- Catcher
- Born: November 19, 1922 Cambridge, Massachusetts, U.S.
- Died: February 25, 2020 (aged 97) The Villages, Florida, U.S.
- Batted: RightThrew: Right

MLB debut
- August 17, 1942, for the Philadelphia Athletics

Last MLB appearance
- June 28, 1946, for the Chicago White Sox

MLB statistics
- Batting average: .161
- Home runs: 0
- Runs batted in: 4
- Stats at Baseball Reference

Teams
- Philadelphia Athletics (1942); Chicago White Sox (1946);

= George Yankowski =

American baseball player (1922–2020)

George Edward Yankowski (November 19, 1922 – February 25, 2020) was an American professional baseball player.

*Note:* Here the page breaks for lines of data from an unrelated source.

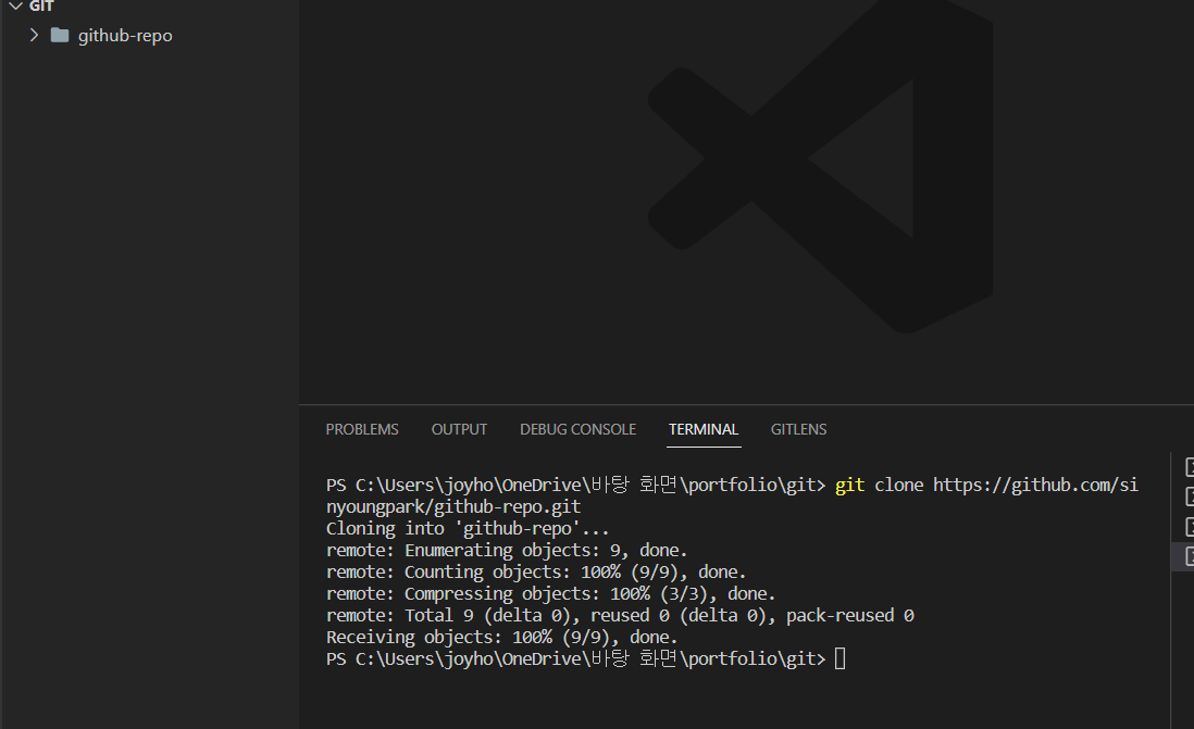 /*๋ด๊ฐ ์ํ๋ ํด๋๋ฅผ ์๋ํฐ๋ก ์ด์ด์ค ํ */ $git clone repository address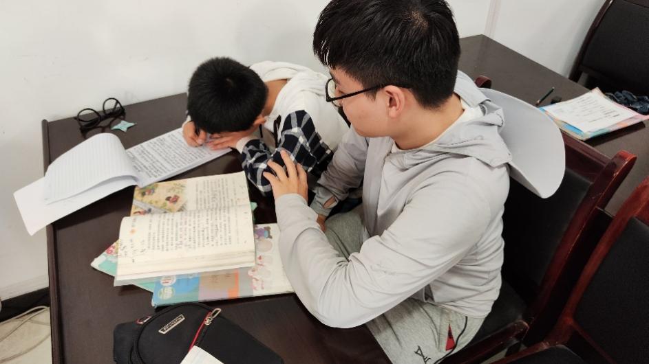 在与社区主任提前沟通之后,支部同志们早早来到董家庄村村委会,并提前布置好书桌椅子,为支教活动的开展做准备。小朋友们陆续到来之后,根据实际情况,采用一对一的模式开展学业帮扶,更有效的帮助小朋友解决难题,同时针对小朋友的弱势科目及时给予帮助。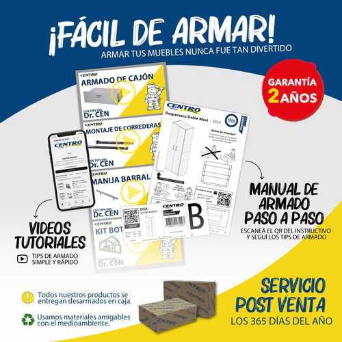 Nuestros productos se entregan desarmados en cajas de cartón corrugado de alta resistencia, cubiertas con un film termocontraíble que las protege del deterioro ocasionado por el traslado. En su interior cuentan con las piezas y herrajes necesarios para armar los muebles.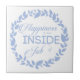 Happiness est dans un job graphic inside with a blue wreath and heart. Happiness, love and inner peace is always from within. Custom graphic design made with love.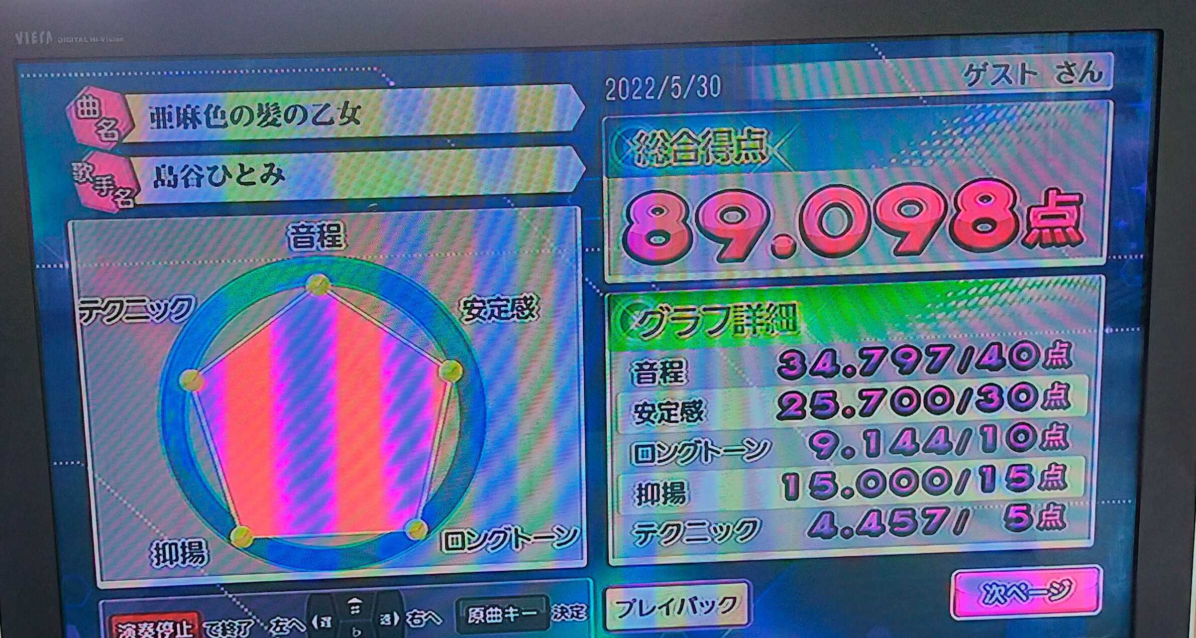 亜麻色の髪の乙女 島谷ひとみ 89·098点 あと一息で90点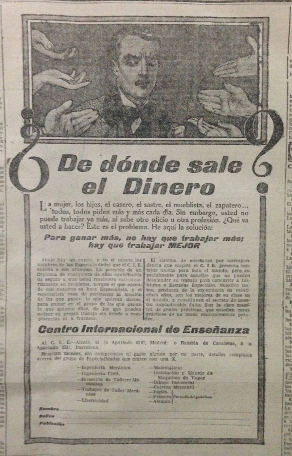 A principios del XX la publicidad se hizo más habitual en las publicaciones españolas.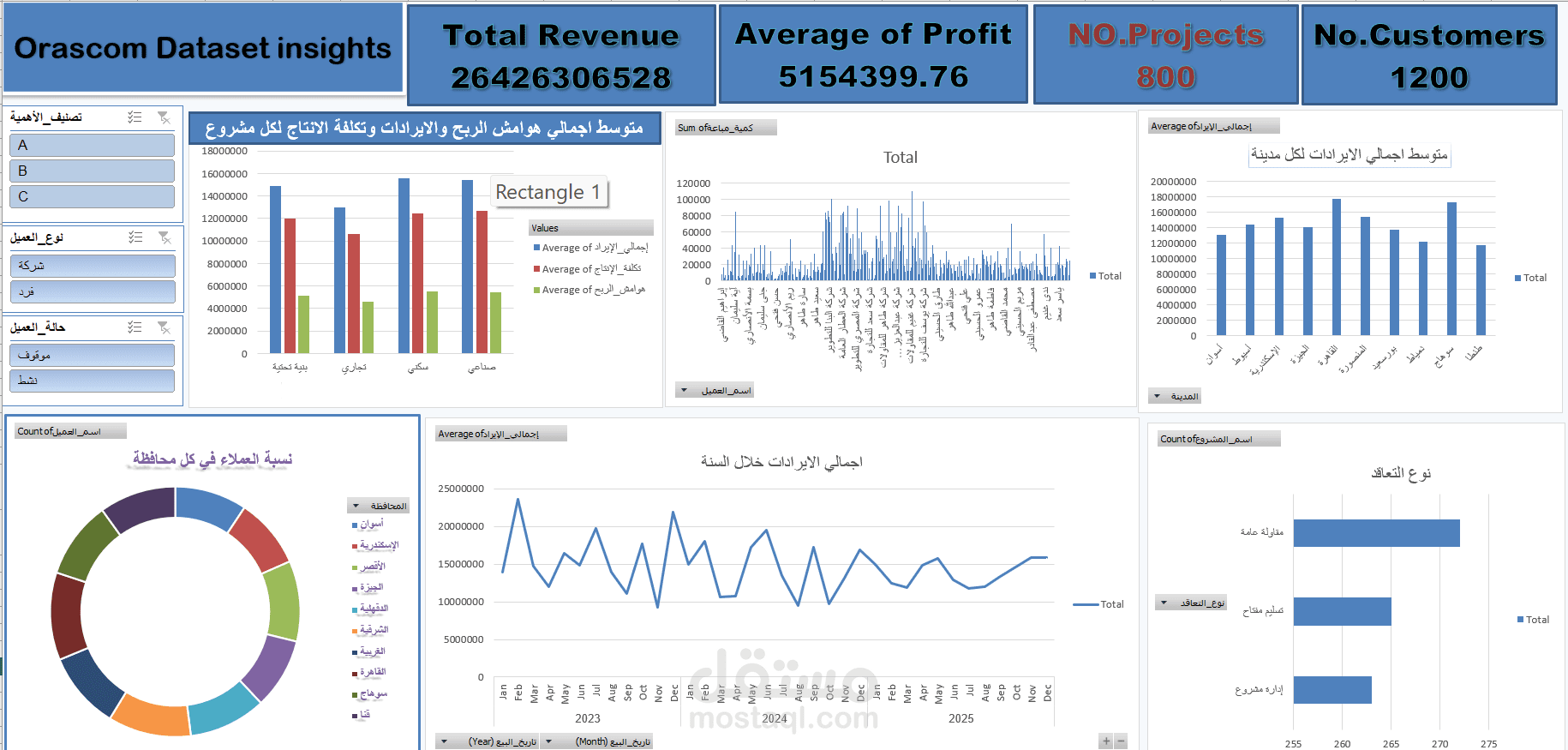 قمت بتحليل البيانات علي اكسل وتنضيفها والربط بين الجداول وبعضها البعض واستخراج insights مفيدة ووضعها في داشبورد معبرة

He was born in Cambridge, Massachusetts, and attended Watertown High School in Watertown, MA. Yankowski played parts of two seasons in Major League Baseball, appearing in six games for the Philadelphia Athletics during the 1942 season and twelve games for the Chicago White Sox in 1946, primarily as a catcher.

Yankowski served in the United States Army as a sniper during World War II, including fighting in the Battle of the Bulge and became a recipient of the Bronze Star Medal and the Combat Infantryman Badge. He died on February 25, 2020, at the age of 97.